# AIM OF THE EXERCISE
Across the listing below, state how many lines hold the string "which"; write nothing but that number.

# DATA EXTRACT

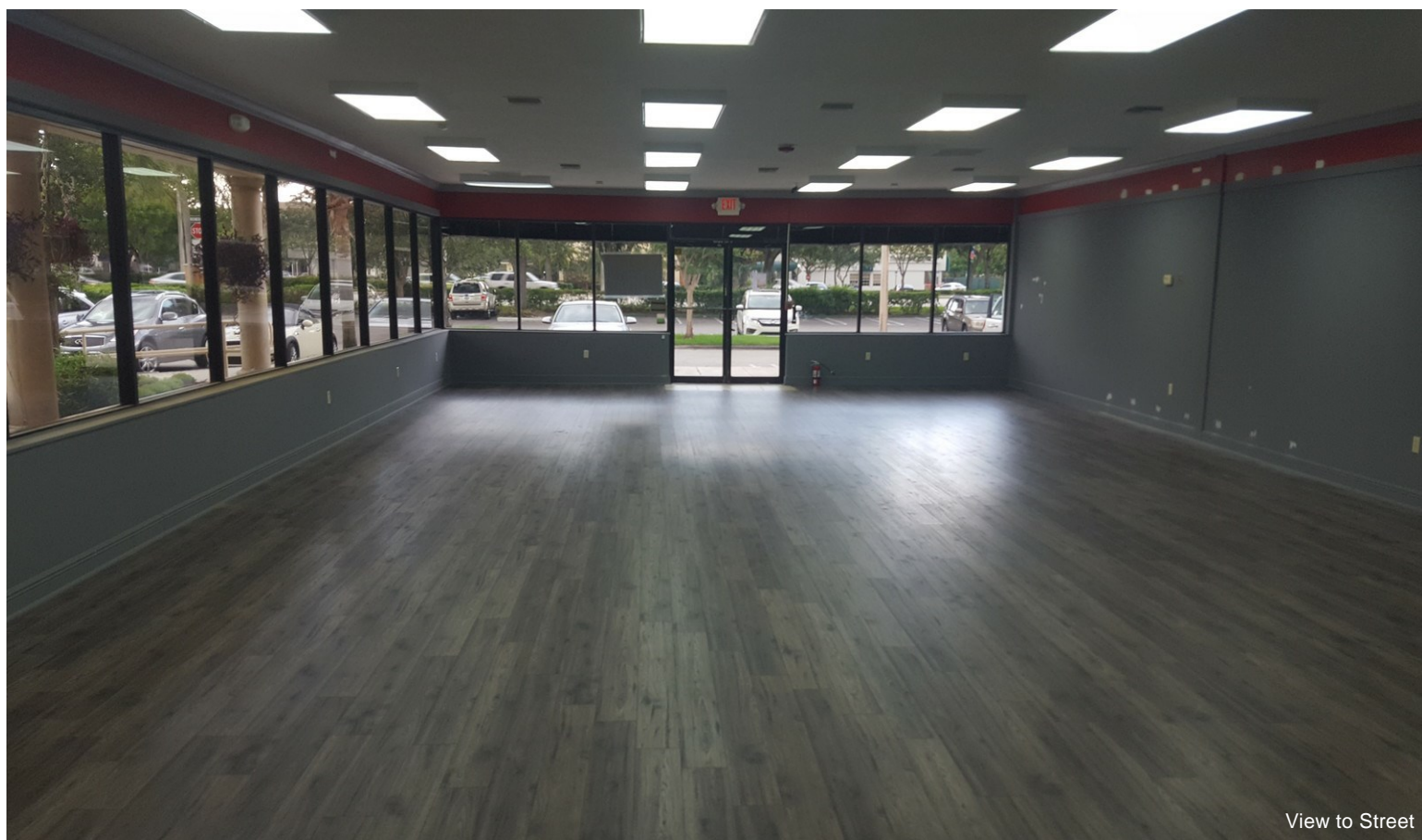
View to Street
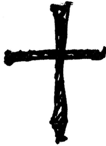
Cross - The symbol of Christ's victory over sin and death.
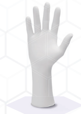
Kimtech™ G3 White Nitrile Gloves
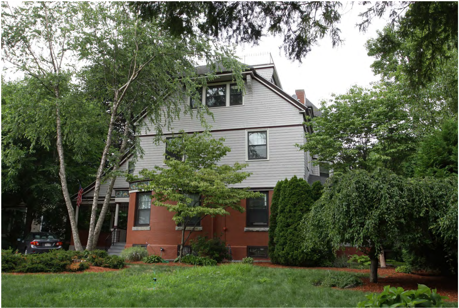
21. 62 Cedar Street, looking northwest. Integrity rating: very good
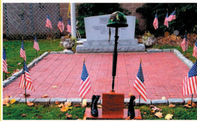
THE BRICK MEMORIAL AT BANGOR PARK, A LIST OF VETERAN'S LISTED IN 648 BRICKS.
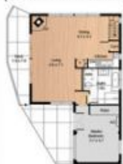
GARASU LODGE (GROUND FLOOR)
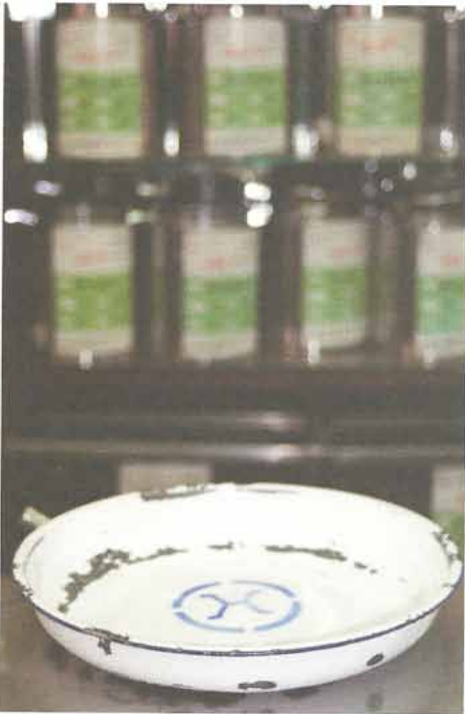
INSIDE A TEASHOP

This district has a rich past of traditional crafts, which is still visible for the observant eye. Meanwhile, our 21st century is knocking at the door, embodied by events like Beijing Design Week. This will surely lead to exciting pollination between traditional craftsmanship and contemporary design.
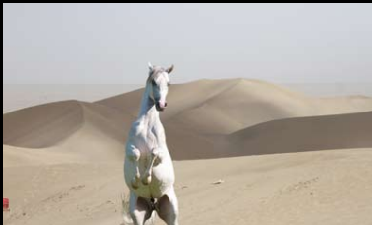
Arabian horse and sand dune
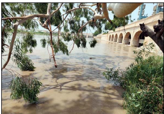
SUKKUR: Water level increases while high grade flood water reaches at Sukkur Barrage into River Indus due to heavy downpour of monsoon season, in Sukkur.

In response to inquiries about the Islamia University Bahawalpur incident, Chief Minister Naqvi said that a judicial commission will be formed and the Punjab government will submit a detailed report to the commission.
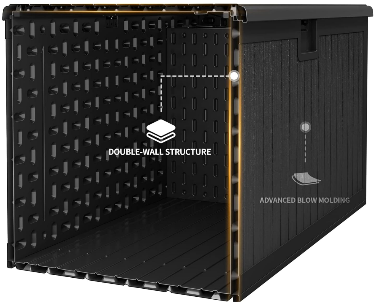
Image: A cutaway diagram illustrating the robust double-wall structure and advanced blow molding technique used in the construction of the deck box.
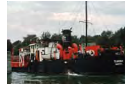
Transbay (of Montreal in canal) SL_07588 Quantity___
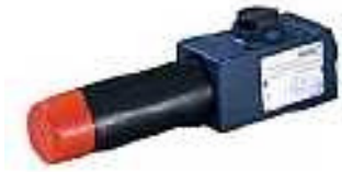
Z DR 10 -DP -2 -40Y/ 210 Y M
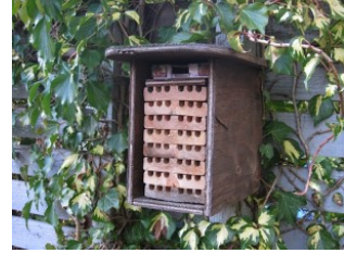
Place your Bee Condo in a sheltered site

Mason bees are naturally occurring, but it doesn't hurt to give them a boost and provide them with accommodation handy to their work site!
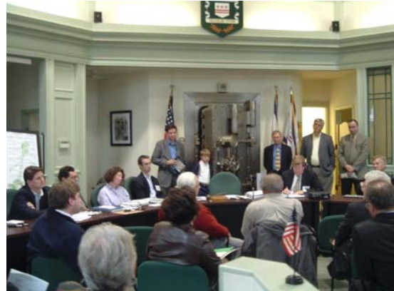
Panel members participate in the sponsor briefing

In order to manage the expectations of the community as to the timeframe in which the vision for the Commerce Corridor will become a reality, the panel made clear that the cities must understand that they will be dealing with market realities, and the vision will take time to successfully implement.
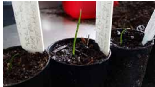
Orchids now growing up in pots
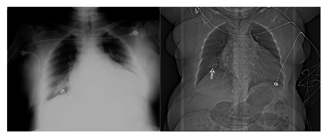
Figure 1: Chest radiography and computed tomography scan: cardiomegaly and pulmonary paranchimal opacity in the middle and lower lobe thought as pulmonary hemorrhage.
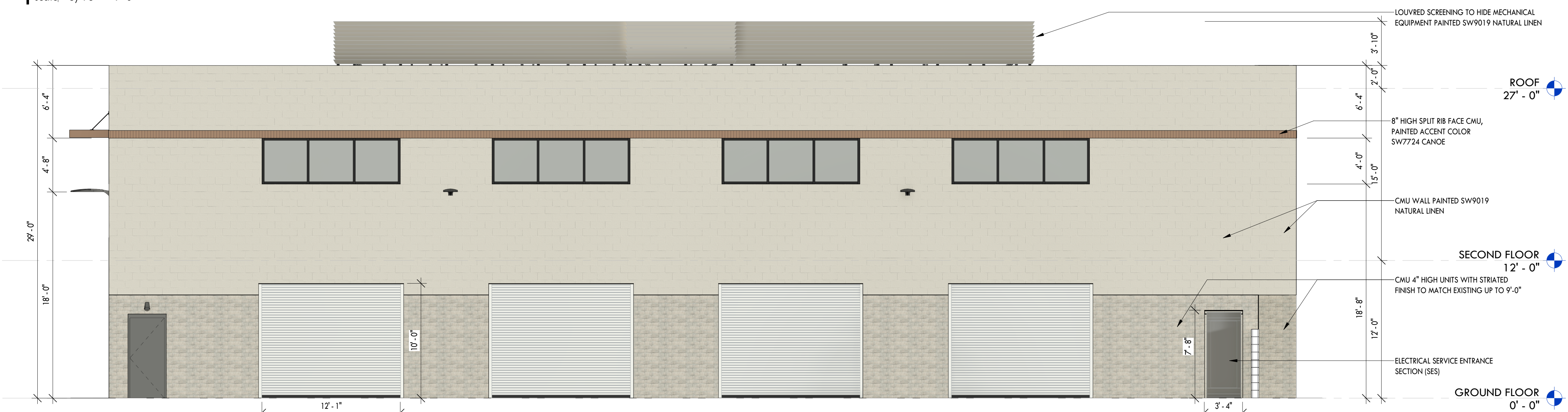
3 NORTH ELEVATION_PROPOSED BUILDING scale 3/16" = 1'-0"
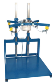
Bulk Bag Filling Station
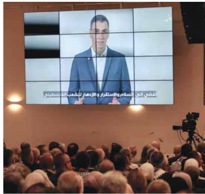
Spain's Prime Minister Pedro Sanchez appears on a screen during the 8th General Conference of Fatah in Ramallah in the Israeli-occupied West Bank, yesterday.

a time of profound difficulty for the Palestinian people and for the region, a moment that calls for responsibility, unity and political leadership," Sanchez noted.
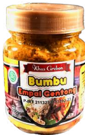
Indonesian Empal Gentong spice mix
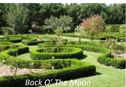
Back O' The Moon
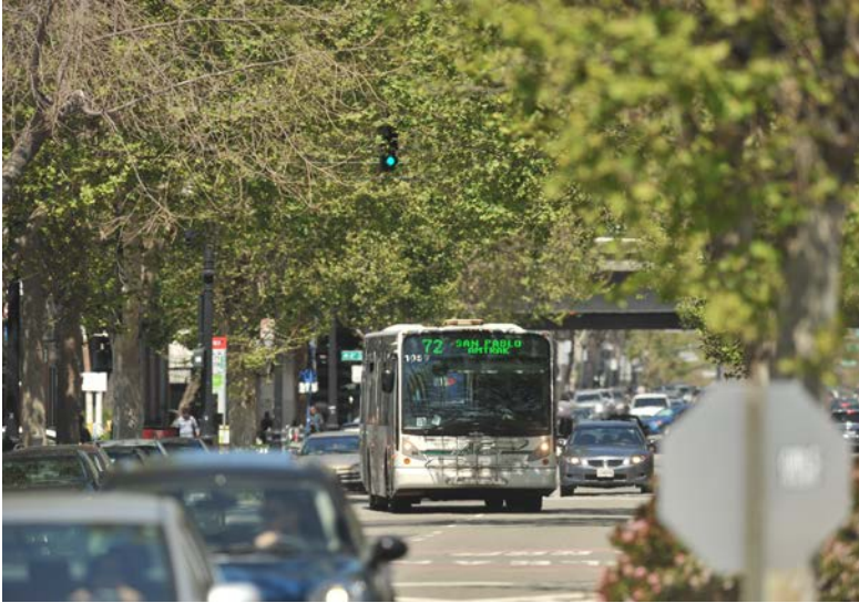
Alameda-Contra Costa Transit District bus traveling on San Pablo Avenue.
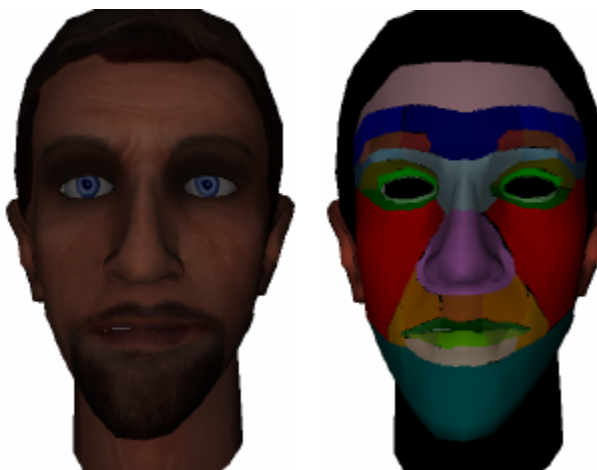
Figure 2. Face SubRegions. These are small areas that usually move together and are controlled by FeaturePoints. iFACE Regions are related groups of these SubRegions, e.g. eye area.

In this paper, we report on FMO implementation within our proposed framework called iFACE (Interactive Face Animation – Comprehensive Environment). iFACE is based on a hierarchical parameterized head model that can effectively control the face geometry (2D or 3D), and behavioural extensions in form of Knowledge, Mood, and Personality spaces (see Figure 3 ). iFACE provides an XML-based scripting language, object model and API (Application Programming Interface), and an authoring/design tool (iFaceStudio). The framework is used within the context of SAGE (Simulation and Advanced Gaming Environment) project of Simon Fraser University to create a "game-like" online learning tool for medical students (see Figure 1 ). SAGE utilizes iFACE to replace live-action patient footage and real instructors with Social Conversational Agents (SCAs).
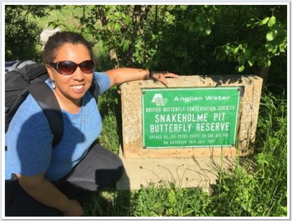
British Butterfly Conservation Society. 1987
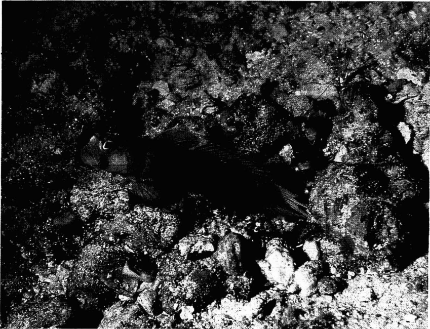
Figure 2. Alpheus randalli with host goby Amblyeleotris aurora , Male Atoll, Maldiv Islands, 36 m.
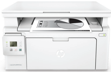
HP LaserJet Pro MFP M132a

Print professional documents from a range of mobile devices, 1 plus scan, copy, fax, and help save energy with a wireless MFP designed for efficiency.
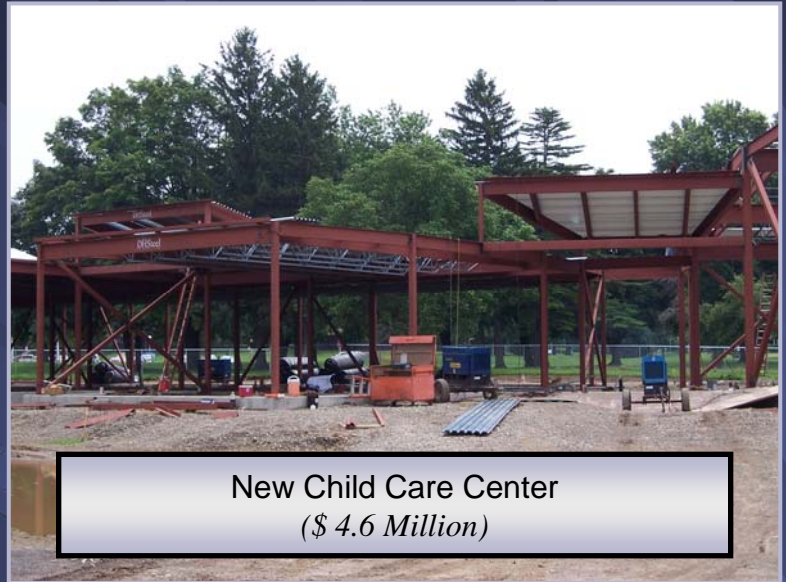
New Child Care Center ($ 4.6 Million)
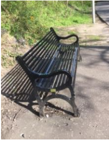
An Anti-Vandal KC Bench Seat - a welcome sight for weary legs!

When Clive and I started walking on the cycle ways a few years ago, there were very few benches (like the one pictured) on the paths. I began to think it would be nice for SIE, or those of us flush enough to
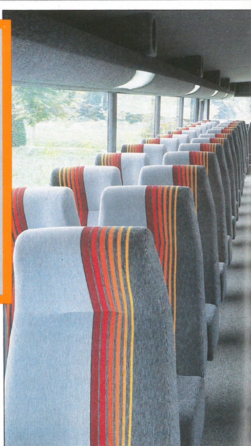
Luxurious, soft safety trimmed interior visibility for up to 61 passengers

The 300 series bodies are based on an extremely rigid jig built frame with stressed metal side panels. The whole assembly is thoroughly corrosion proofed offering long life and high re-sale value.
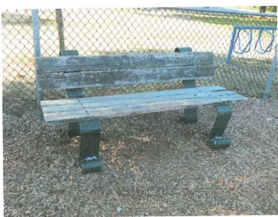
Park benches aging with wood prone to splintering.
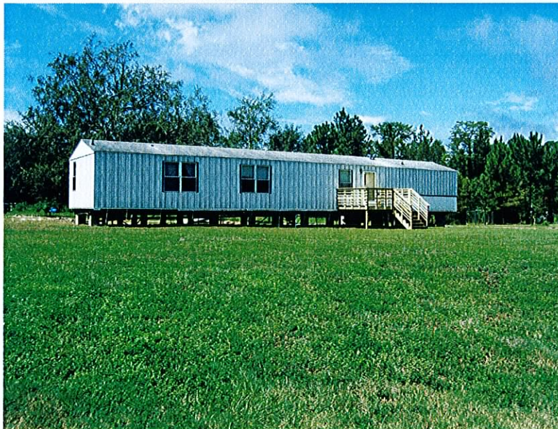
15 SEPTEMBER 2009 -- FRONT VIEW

# EXPECTED OUTPUT
2